[Source data Boundary: Start]
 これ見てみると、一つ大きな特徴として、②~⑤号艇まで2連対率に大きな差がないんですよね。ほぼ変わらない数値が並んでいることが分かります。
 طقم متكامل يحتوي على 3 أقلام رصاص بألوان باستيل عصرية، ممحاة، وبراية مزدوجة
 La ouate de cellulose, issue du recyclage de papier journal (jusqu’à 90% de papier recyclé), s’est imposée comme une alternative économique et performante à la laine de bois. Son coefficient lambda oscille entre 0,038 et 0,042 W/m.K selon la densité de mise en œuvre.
[Source data Boundary: End]
[Source data Boundary: Start]
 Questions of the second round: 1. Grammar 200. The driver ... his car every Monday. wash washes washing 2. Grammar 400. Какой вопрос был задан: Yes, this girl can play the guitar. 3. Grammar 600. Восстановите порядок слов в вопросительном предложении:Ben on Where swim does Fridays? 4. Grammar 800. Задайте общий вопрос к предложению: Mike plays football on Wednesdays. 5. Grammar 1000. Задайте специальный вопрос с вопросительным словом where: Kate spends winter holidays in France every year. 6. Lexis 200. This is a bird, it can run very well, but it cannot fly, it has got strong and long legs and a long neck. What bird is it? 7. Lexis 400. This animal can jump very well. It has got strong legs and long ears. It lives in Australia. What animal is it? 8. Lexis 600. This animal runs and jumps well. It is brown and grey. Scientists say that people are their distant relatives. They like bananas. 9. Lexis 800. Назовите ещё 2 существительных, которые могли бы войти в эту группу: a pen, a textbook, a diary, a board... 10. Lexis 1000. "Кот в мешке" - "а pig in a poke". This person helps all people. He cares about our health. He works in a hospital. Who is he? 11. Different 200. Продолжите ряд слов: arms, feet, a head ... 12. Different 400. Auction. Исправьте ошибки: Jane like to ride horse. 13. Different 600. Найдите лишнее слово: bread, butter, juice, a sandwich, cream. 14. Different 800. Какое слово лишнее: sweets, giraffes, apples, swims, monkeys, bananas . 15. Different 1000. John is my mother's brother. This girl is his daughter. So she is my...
[Source data Boundary: End]
▶ Your task
Beginning with the line containing "これ見てみると、一つ大きな特" and ending with the line containing "طقم متكامل يحتوي", extract those lines exactly from the listing above, and only those.

▶ Exercise result
 これ見てみると、一つ大きな特徴として、②~⑤号艇まで2連対率に大きな差がないんですよね。ほぼ変わらない数値が並んでいることが分かります。
 طقم متكامل يحتوي على 3 أقلام رصاص بألوان باستيل عصرية، ممحاة، وبراية مزدوجة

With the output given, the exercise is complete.